Cralmoor came on at the first peal of the bell, the crowd’s baying roused to an even greater pitch by the prospect of death, a rare but appreciated treat for those who flocked to these unsanctioned fights. Clay covered up, letting the first blow land and using a fraction of the Black to soften it, stopping the fist just as it made contact with his flesh. He gave a convincing yell of pain and spun away, Cralmoor’s second blow whispering past his ear. The Islander growled in fury and dropped into another charge, Clay allowing him to connect but deflecting enough force to keep them both upright. They grappled, spinning like crazed dancers about the ring, Cralmoor cursing him all the while in some tribal Island tongue. He drove repeated blows into Clay’s gut, the Black diminishing with every blow. A few more moments and it would all be gone.

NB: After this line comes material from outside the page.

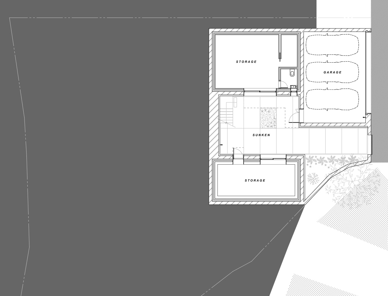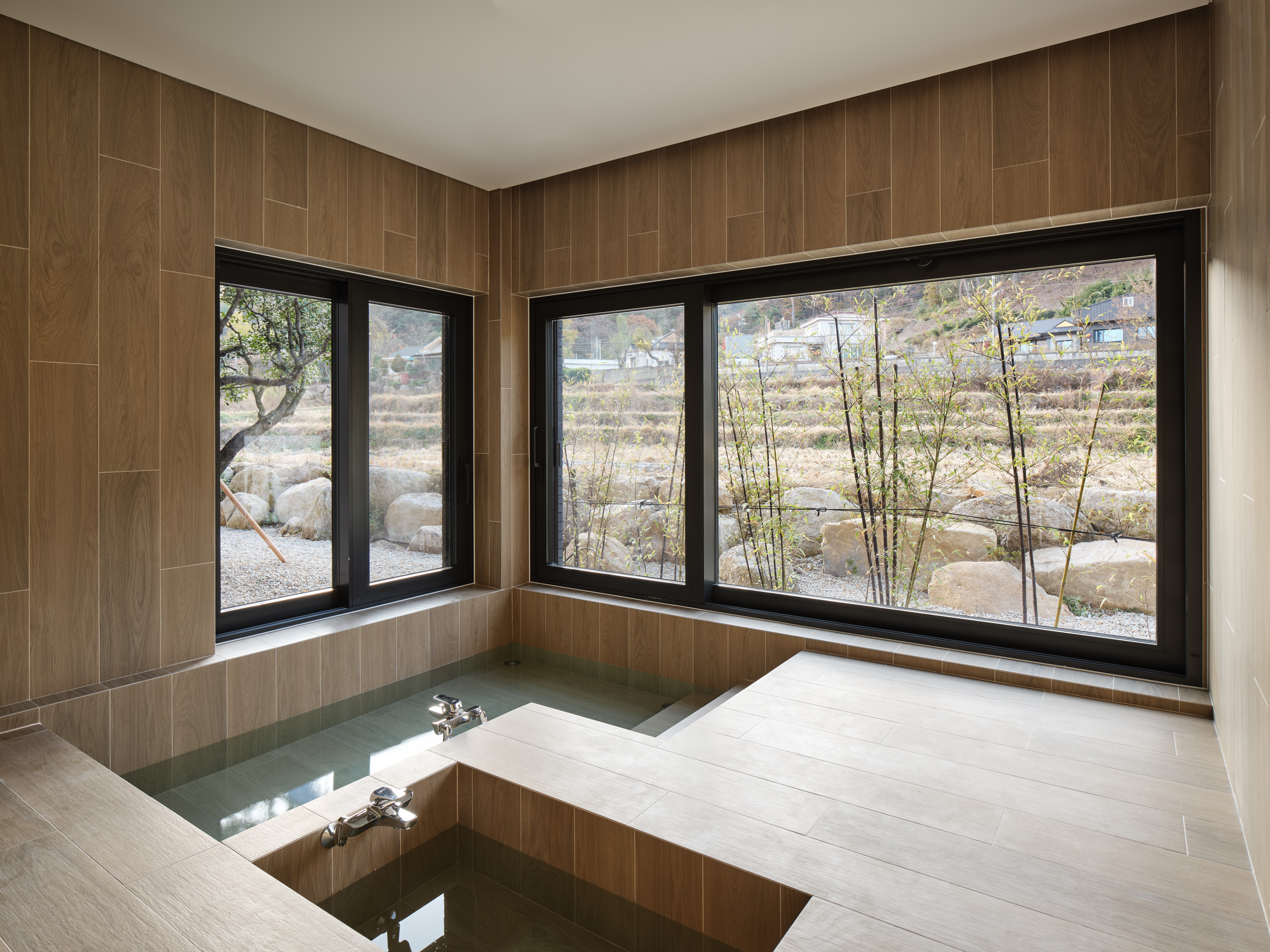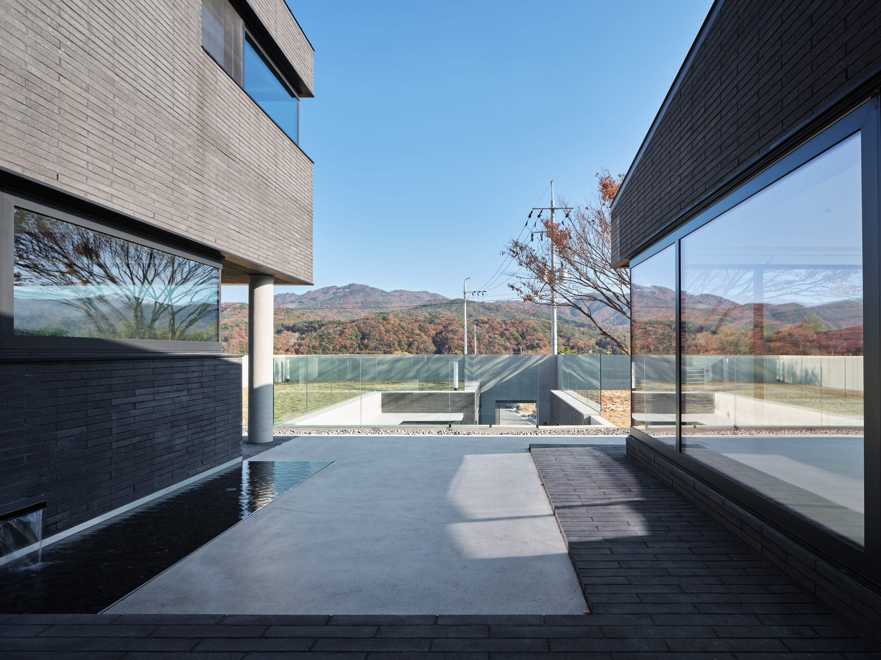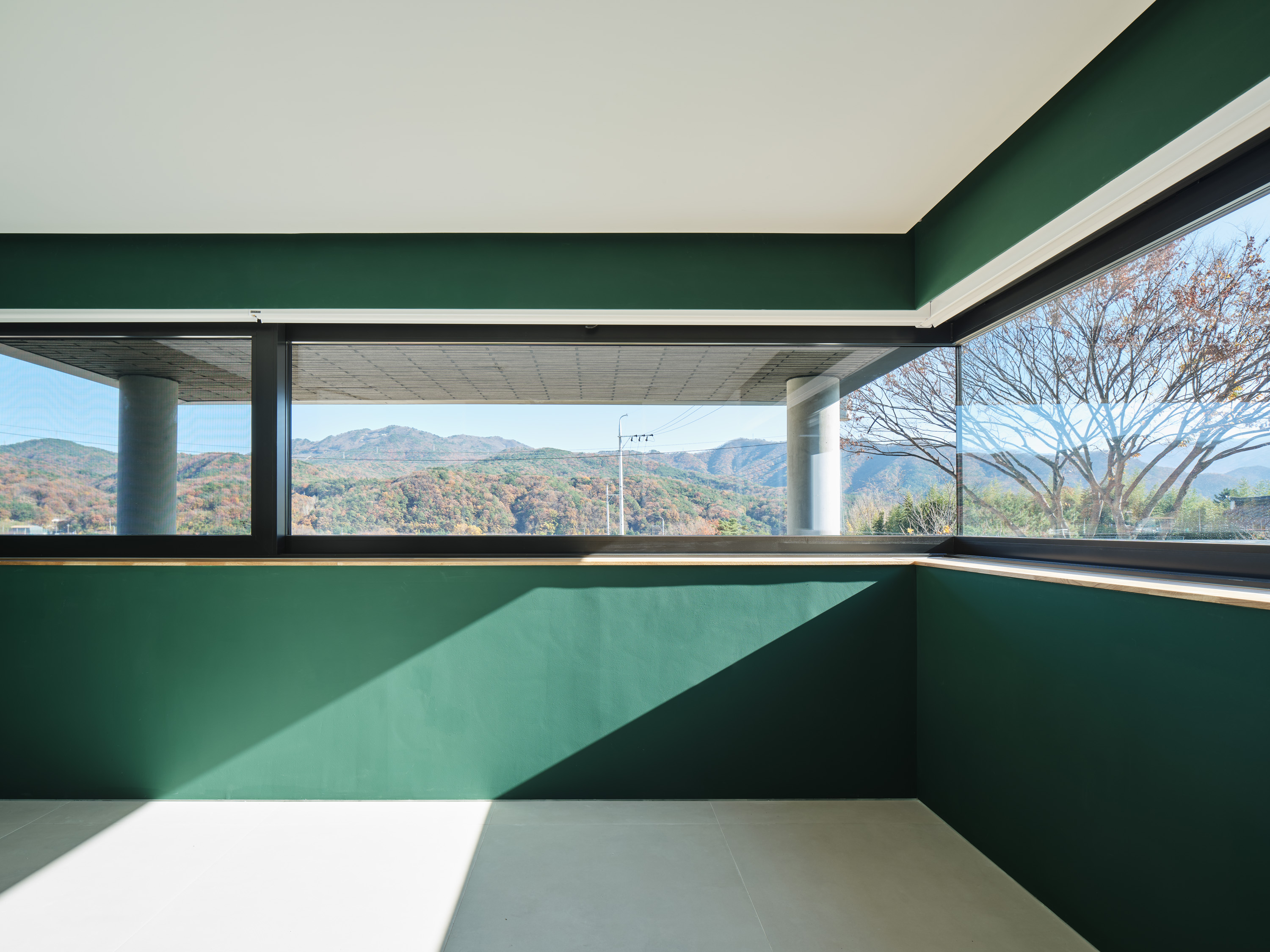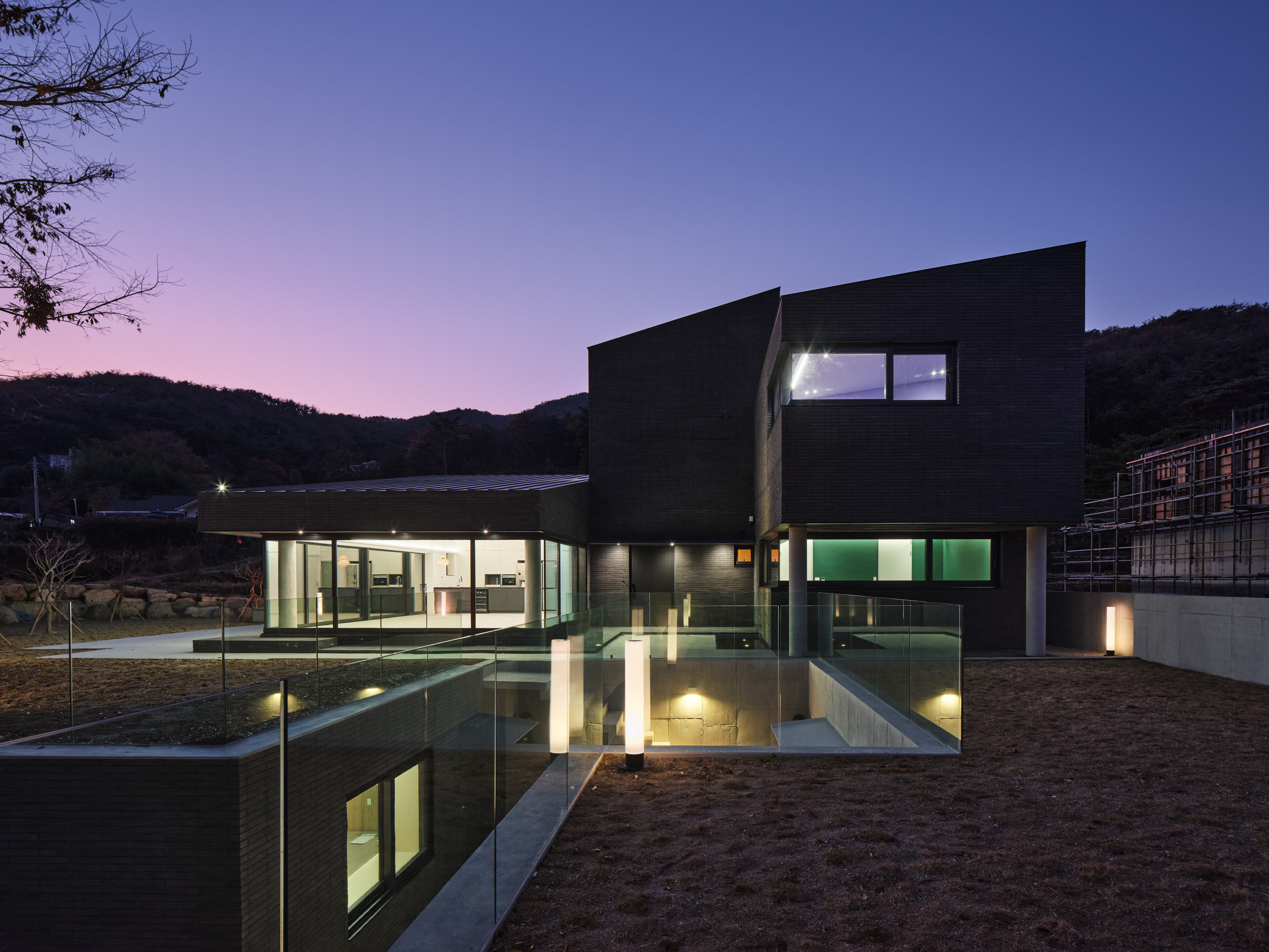 건축주는 노년의 즐거운 삶을 위해 주변 사람들과 함께 즐길 공간을 지하에 마련하고자 했다. 독립된 제2의 집이 놀이터가 된 셈이다. 곧게 뻗은 대나무 정원이 반겨주는 선큰은 놀이터 마당으로 낮에는 정족산의 시원한 바람이 들고, 밤에는 별이 가득한 하늘을 담는다. 마주 보는 곳에 당구장과 노래방이 위치해 있는데, 지인들과 오가며 흥겨운 시간을 보내고, 마당에 아무렇게 앉아 별을 보며 노곤한 몸을 쉬이면 좋겠다는 생각이었다. 생활공간과 떨어져 소음 걱정이 없고, 작은 화장실까지 마련되어있어 집안까지 들어올 일이 없도록 계획했다.

Clay broke the clinch, drawing back and feinting at Cralmoor’s head with a straight left, ducking under the counter and fixing his gaze on the Islander’s right foot. It was only a nudge, easily mistaken for a slip, but just enough to destroy his balance and drop his guard for the briefest instant. Clay put all the remaining Black into the blow, focusing on the point where his fist met Cralmoor’s jaw, feeling it shatter as flesh met flesh. The Islander spun, mouth spraying blood across the crowd. They fell into rigid silence as he staggered, eyes unfocused and steps faltering but still somehow upright.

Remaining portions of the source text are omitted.